RESUMO: o auxílio-reclusão é um benefício singular e controverso, estando relacionado a várias celeumas jurídicas e questões de ordem prática que ainda não foram plenamente resolvidas.
Palavras-chave: Previdência Social, auxílio-reclusão, dependentes, baixa renda.
1. Introdução e conceito
O auxílio-reclusão é um benefício polêmico, com várias características singulares que o diferenciam dos demais benefícios do nosso ordenamento. O presente artigo visa fazer uma apanhado dessas particularidades, além das discussões surgidas na doutrina e jurisprudência acerca do benefício.
O auxílio-reclusão está previsto no art. 80 da Lei 8.213/91:
Art. 80. O auxílio-reclusão será devido, nas mesmas condições da pensão por morte, aos dependentes do segurado recolhido à prisão, que não receber remuneração da empresa nem estiver em gozo de auxílio-doença, de aposentadoria ou de abono de permanência em serviço.
Como se observa pela leitura da lei, o benefício é devido aos dependentes, não ao segurado recluso, “nas mesmas condições da pensão por morte”. O legislador visou aqui proteger os dependentes do segurado que, em condição análoga aqueles que perdem o provedor por causa do seu óbito, se veem desamparados ante o seu encarceramento.
Em suma, não apenas o cálculo do benefício é igual ao da pensão por morte, mas também sua finalidade é semelhante. Não se trata de amparo ao segurado preso, mas a seus dependentes.

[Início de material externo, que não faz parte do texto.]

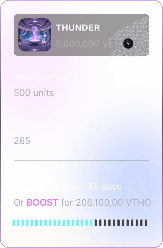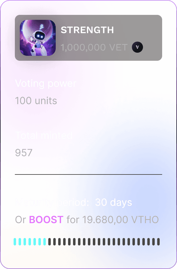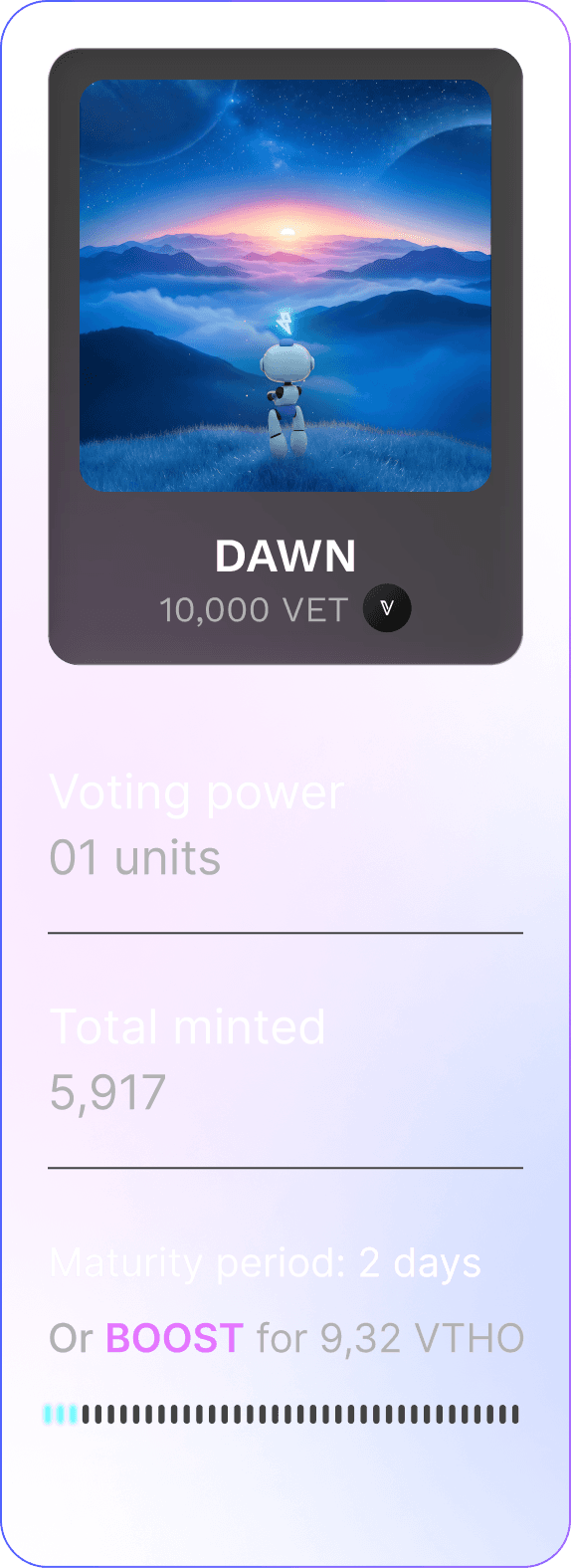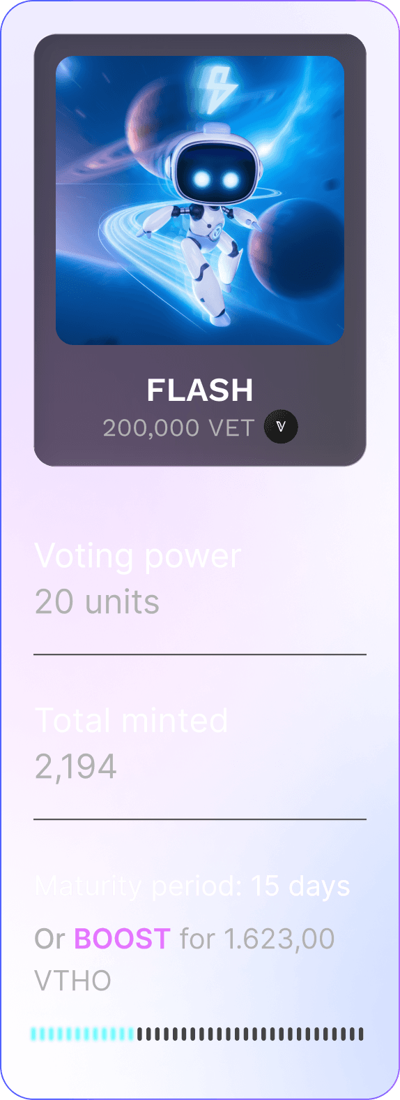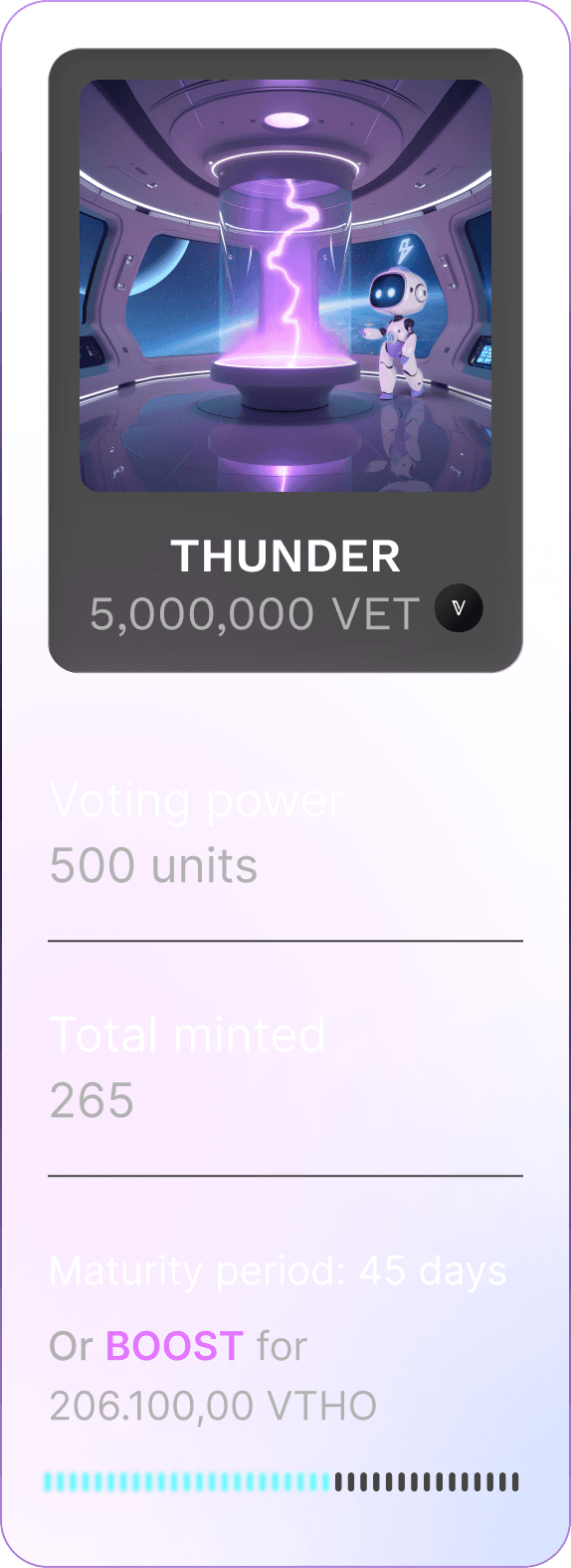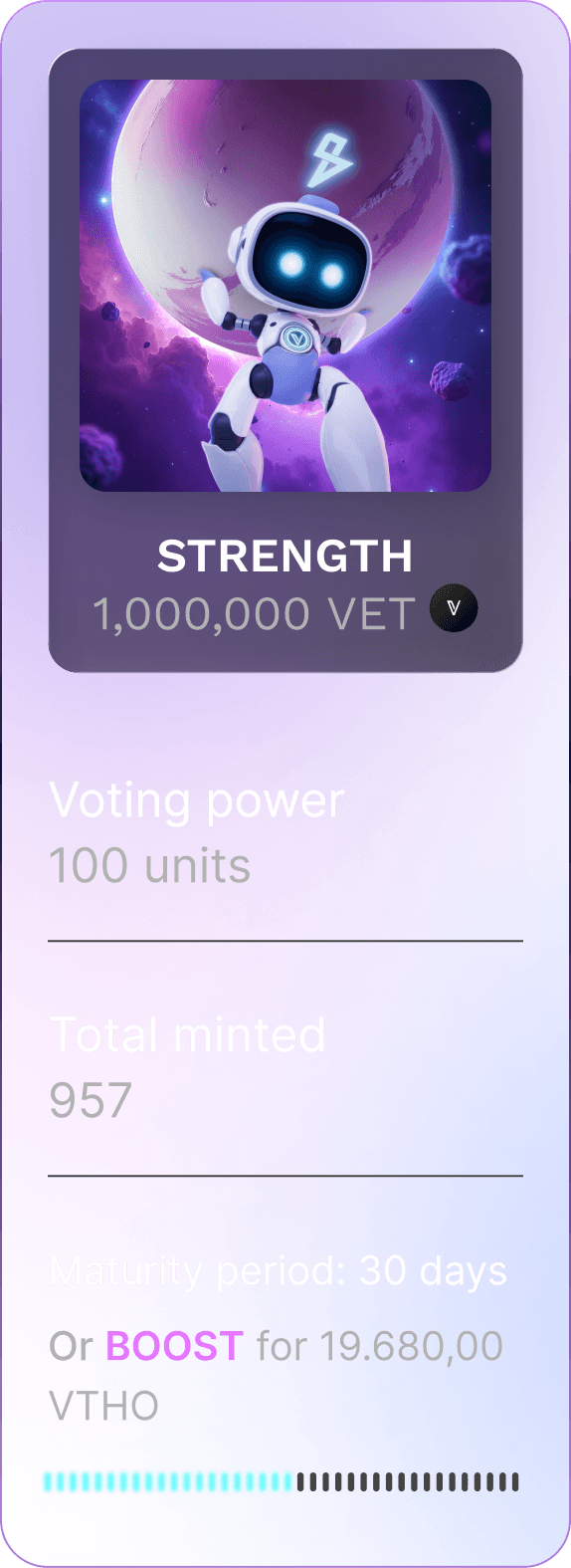 Each staking NFT grants Voting Power to influence VeChain’s governance.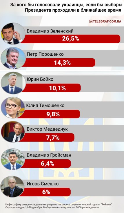 В свою очередь, за Петра Порошенко проголосовали бы 14,3%, Юрия Бойко - 10,1%, Юлию Тимошенко - 9,8%. Виктора Медведчука - 7,7%, Владимира Гройсмана - 6,4%, Игоря Смешко - 6,0%, Дмитрия Разумкова - 4,1%, Олега Ляшко - 3,6%.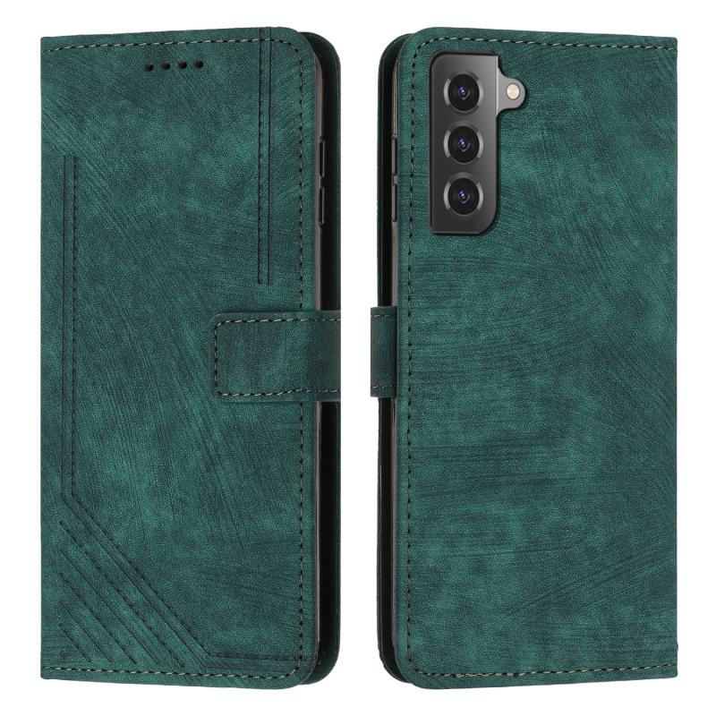 For Samsung Galaxy S21+ 5G Skin Feel Stripe Pattern Leather Phone Case with Lanyard(Green)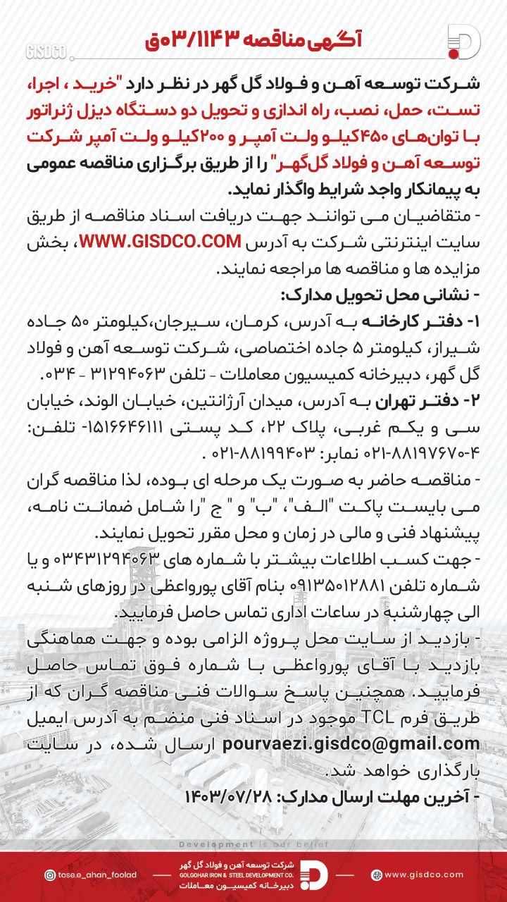 آگهی مناقصه ۰۳/۱۱۴۳ق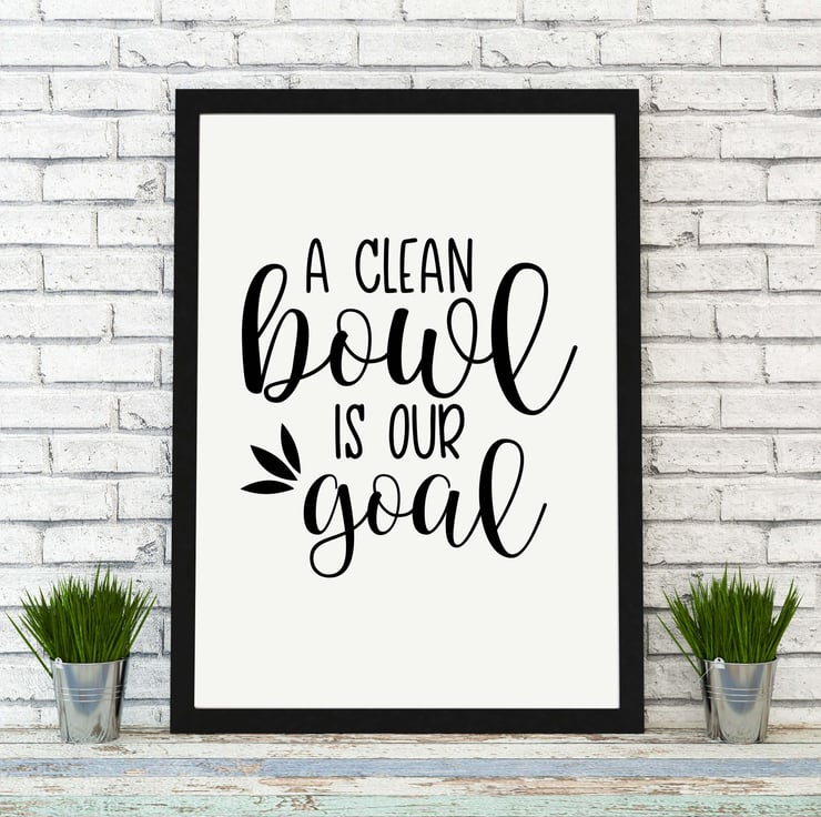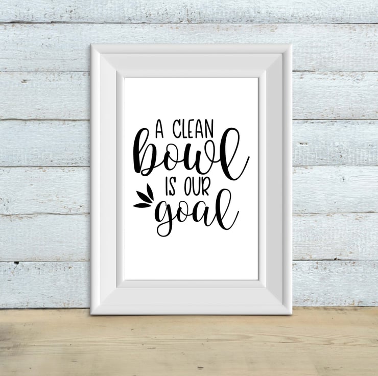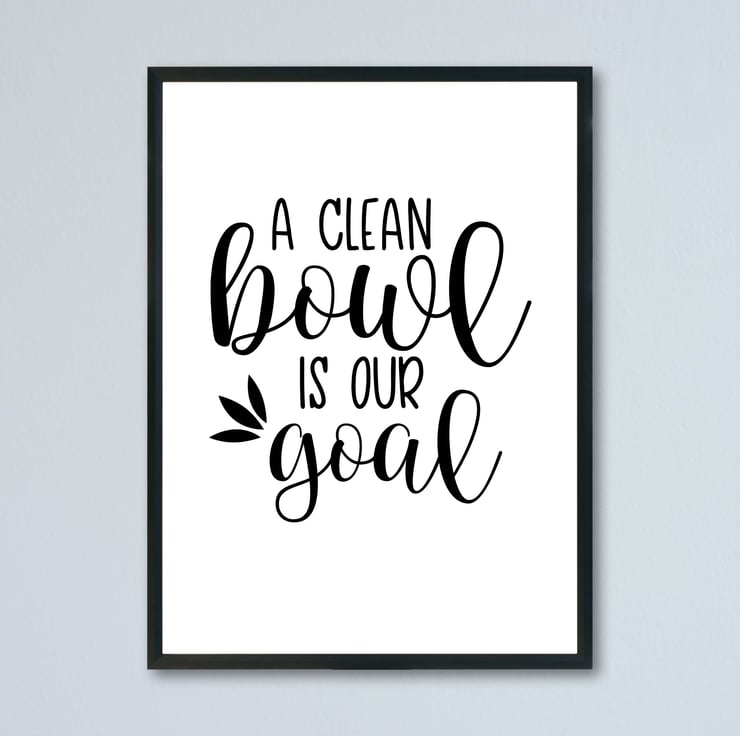 Bathroom quote print, A clean bowl is our goal funny bathroom quote, wall decor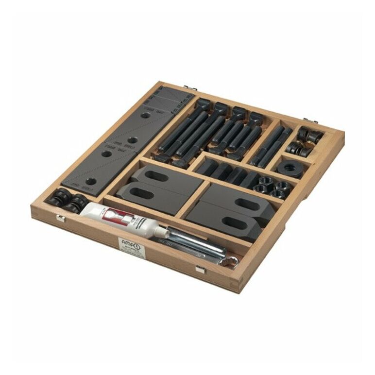 mit federndem Spanneisenhalter · enthält alle notwendigen Elemente zum schnellen Aufspannen von Werkzeugen, Vorrichtungen oder Werkstücken auf T-Nutentischen · alle Teile sind aus Vergütungsstahl, sie sind auswechselbar und können jederzeit ersetzt werden · die Lieferung erfolgt im Holzkasten mit abnehmbarem Klappdeckel Weitere technische Eigenschaften: · Inhalt: 44 teilig · Sechskantmuttern: 4 x M20 · Universalspannunterlagen: 4 x Gr. 2, 4 x Gr. 3 · Schraubenpaste: ja · Ringmaulschlüssel: 1 x Gr. 18 x 18mm · Verlängerungsmuttern: 4 x M20 · Federnde Spanneisenhalter: 4 x Gr. 2 · Spanneisen mit Treppenzähnen: 4 x Gr. 14 x 100mm · Kegelpfannen Form: G 6 x M20 · Nutenräumer: -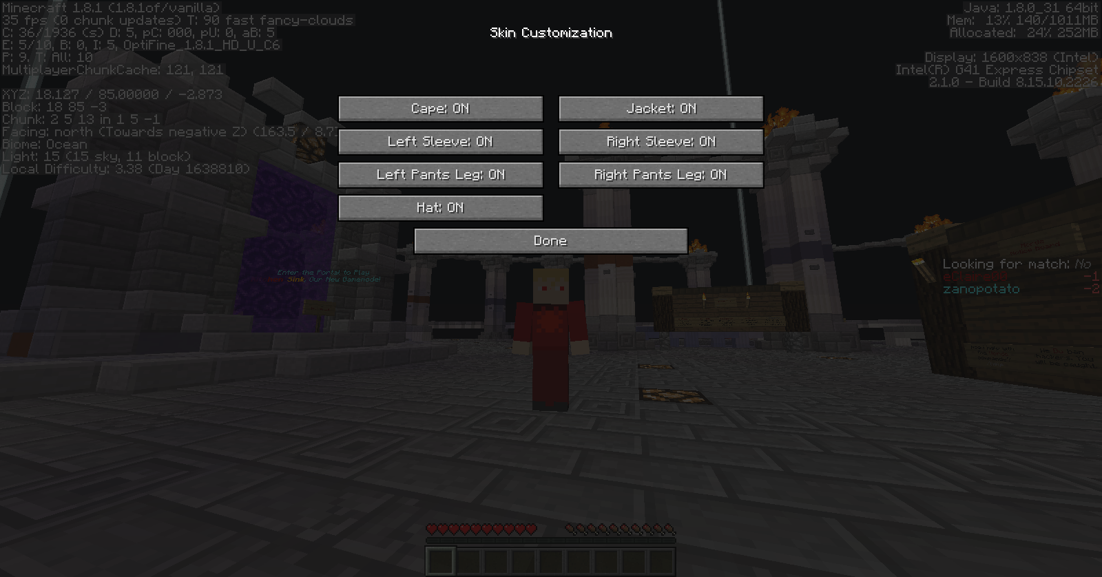 Also, I've just put my skin back to my 1.7 one, and my hats are back!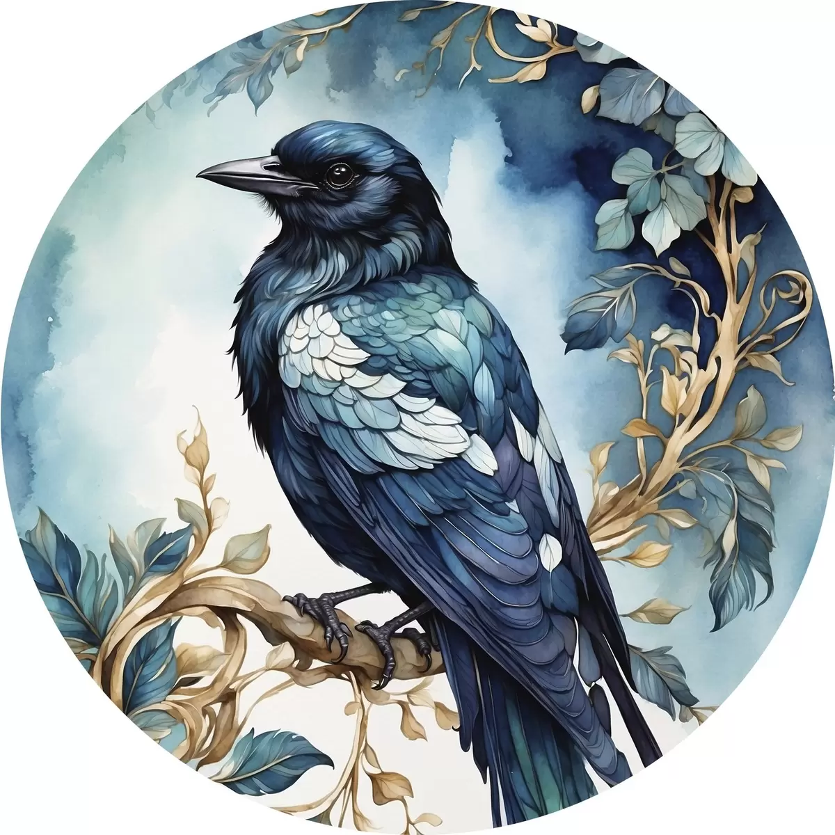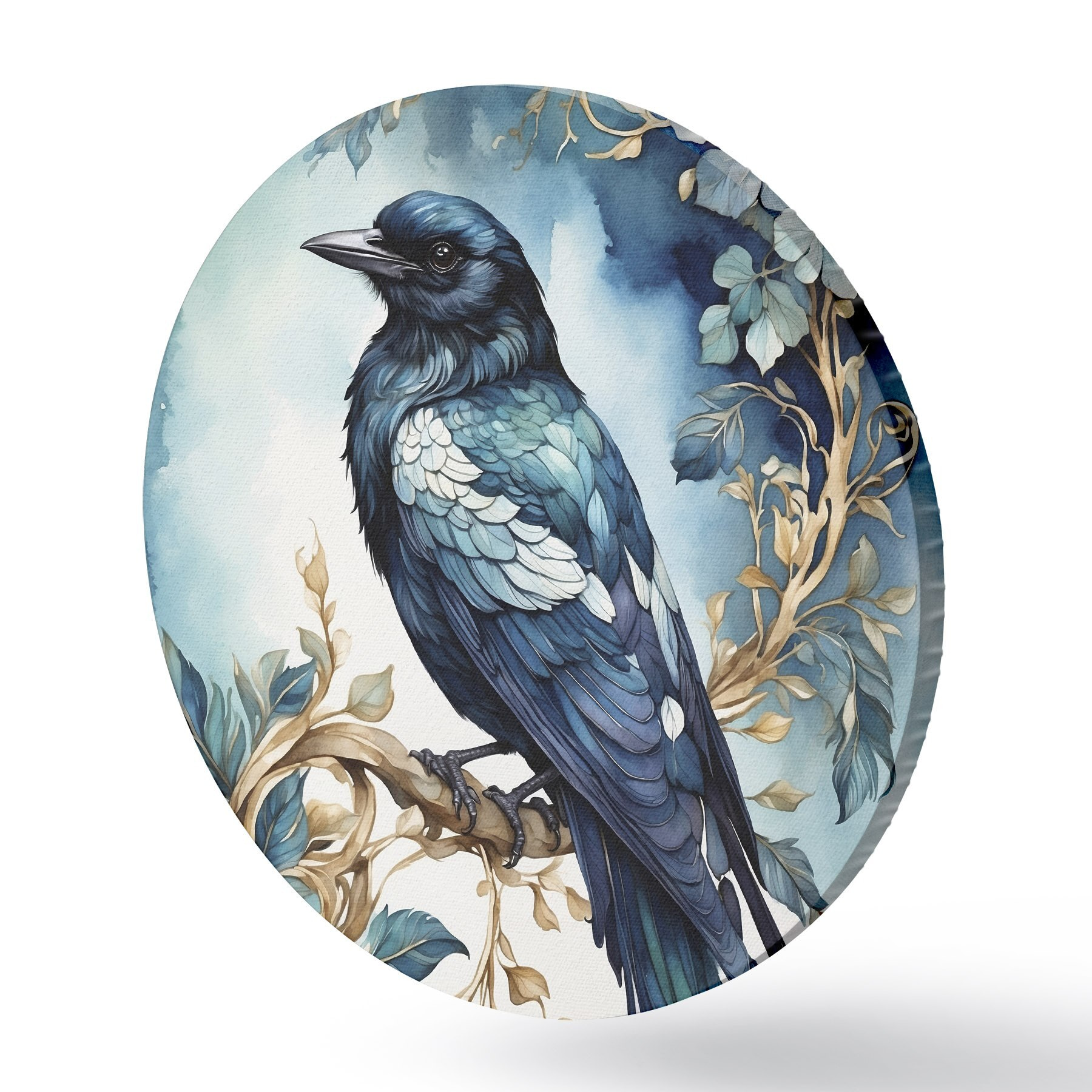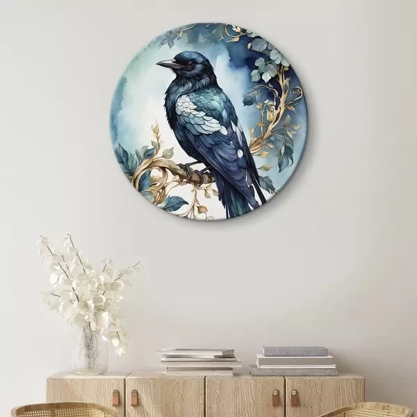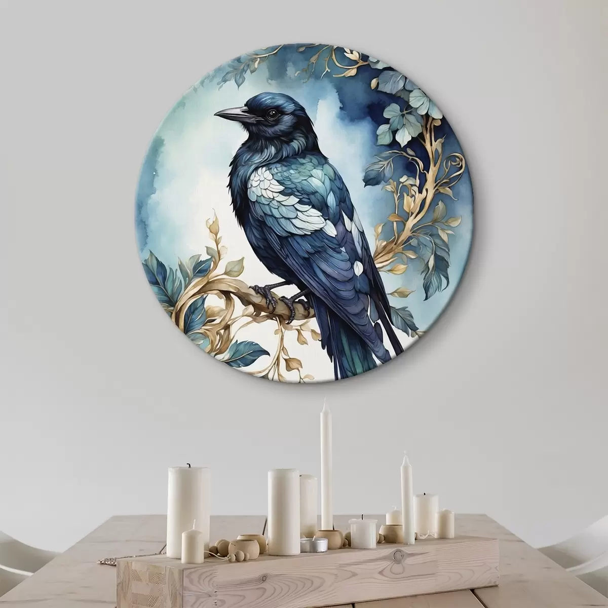 Ronde schilderijen Blauwe vogel op een tak met bladeren in aquarelstijl r45483

O benefício dispensa carência (art. 26. II, da Lei 8.213/91) e sua concessão é limitada aos segurados de baixa renda (art. 201, IV, da Constituição Federal).
Passamos analisar cada um desses aspectos.
2. Histórico e singularidade
O auxílio-reclusão existe de forma generalizada desde a Lei 3.807/60 (Lei Orgânica da Previdência Social), que determinava o pagamento do benefício, nos mesmos valores da pensão por morte, aos dependentes do recluso que não recebesse remuneração da empresa. Era exigida carência de doze contribuições mensais. Leis posteriores não alteraram de forma significativa o benefício, mantendo regras semelhantes até o advento da Lei 8.213/91 [1].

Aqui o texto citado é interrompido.